Description of the task » Find the line holding "SIMU NA: 0752355133" in the entries below. Give it again exactly, along with every line after it up to and including the line holding "Enhetens kyrka som allmänheten kan besöka.".

Data in this exercise »
▬▬▬
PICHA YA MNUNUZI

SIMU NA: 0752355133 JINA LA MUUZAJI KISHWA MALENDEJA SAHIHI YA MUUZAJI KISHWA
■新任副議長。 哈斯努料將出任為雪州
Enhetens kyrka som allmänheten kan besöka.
▬▬▬
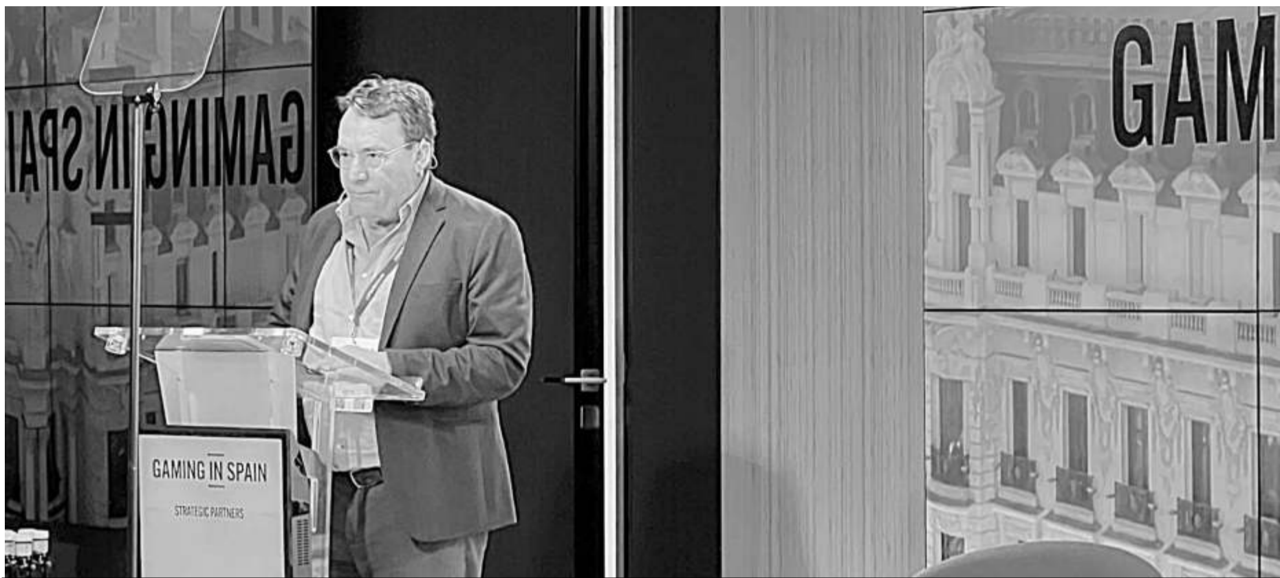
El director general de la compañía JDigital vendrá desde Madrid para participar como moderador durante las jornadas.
▬▬▬
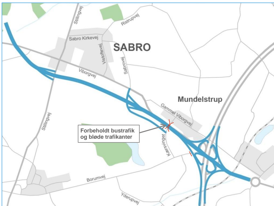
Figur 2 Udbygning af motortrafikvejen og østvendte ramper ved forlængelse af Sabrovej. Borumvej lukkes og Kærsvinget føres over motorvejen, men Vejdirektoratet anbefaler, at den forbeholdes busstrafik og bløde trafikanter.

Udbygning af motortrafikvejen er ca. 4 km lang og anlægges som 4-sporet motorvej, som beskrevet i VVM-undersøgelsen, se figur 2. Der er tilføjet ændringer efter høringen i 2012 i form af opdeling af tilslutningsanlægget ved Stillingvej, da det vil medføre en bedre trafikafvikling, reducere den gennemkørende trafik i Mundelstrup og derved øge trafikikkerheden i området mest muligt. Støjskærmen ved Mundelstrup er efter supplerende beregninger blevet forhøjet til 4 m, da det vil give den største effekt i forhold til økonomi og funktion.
▬▬▬
Written response »
SIMU NA: 0752355133 JINA LA MUUZAJI KISHWA MALENDEJA SAHIHI YA MUUZAJI KISHWA
■新任副議長。 哈斯努料將出任為雪州
Enhetens kyrka som allmänheten kan besöka.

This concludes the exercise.